---------- Information given

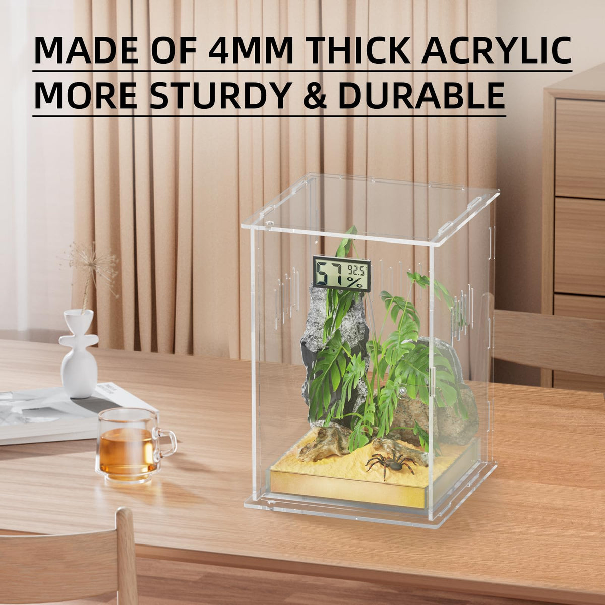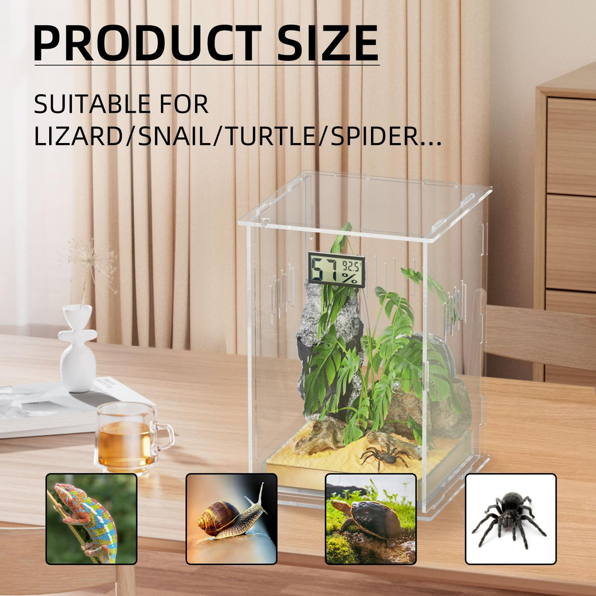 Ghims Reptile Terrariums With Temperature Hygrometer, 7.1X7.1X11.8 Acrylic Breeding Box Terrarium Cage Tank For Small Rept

--------------------
---------- Information given

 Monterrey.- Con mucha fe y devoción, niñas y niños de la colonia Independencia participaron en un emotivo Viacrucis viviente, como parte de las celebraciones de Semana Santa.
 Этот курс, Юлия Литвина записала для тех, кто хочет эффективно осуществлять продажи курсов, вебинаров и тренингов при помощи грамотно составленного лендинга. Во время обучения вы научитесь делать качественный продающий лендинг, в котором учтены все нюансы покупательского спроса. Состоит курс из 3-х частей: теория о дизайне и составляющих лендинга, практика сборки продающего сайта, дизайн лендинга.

--------------------
---------- Information given

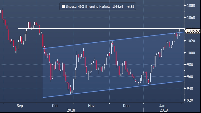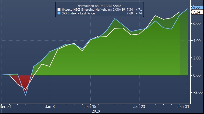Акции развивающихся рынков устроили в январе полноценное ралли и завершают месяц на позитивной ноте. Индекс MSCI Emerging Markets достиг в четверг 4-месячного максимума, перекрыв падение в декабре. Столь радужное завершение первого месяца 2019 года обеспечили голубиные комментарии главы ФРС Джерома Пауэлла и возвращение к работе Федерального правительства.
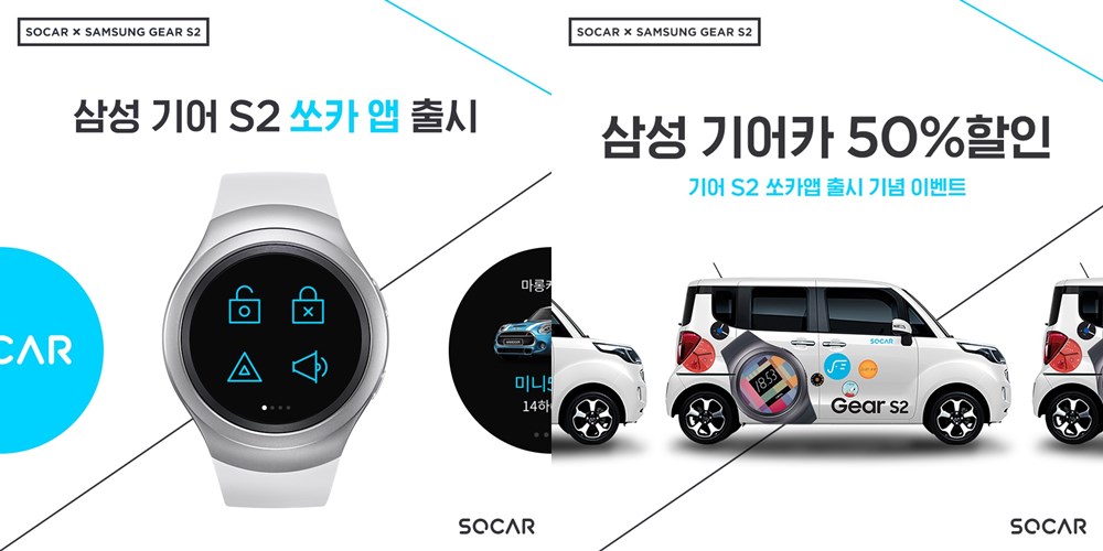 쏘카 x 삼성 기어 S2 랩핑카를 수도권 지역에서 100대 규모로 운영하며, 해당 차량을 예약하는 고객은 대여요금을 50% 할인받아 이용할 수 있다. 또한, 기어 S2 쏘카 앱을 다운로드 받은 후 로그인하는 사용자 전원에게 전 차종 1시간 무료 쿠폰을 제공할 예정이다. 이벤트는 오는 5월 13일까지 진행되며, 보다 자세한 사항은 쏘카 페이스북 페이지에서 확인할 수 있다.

--------------------

The material above holds pictures; leave them out and set down exactly the lines from the line with "Акции развивающихся рынков" to the line with "쏘카 x 삼성 기어 S2", both included.

### Exercise response:
Акции развивающихся рынков устроили в январе полноценное ралли и завершают месяц на позитивной ноте. Индекс MSCI Emerging Markets достиг в четверг 4-месячного максимума, перекрыв падение в декабре. Столь радужное завершение первого месяца 2019 года обеспечили голубиные комментарии главы ФРС Джерома Пауэлла и возвращение к работе Федерального правительства.
 쏘카 x 삼성 기어 S2 랩핑카를 수도권 지역에서 100대 규모로 운영하며, 해당 차량을 예약하는 고객은 대여요금을 50% 할인받아 이용할 수 있다. 또한, 기어 S2 쏘카 앱을 다운로드 받은 후 로그인하는 사용자 전원에게 전 차종 1시간 무료 쿠폰을 제공할 예정이다. 이벤트는 오는 5월 13일까지 진행되며, 보다 자세한 사항은 쏘카 페이스북 페이지에서 확인할 수 있다.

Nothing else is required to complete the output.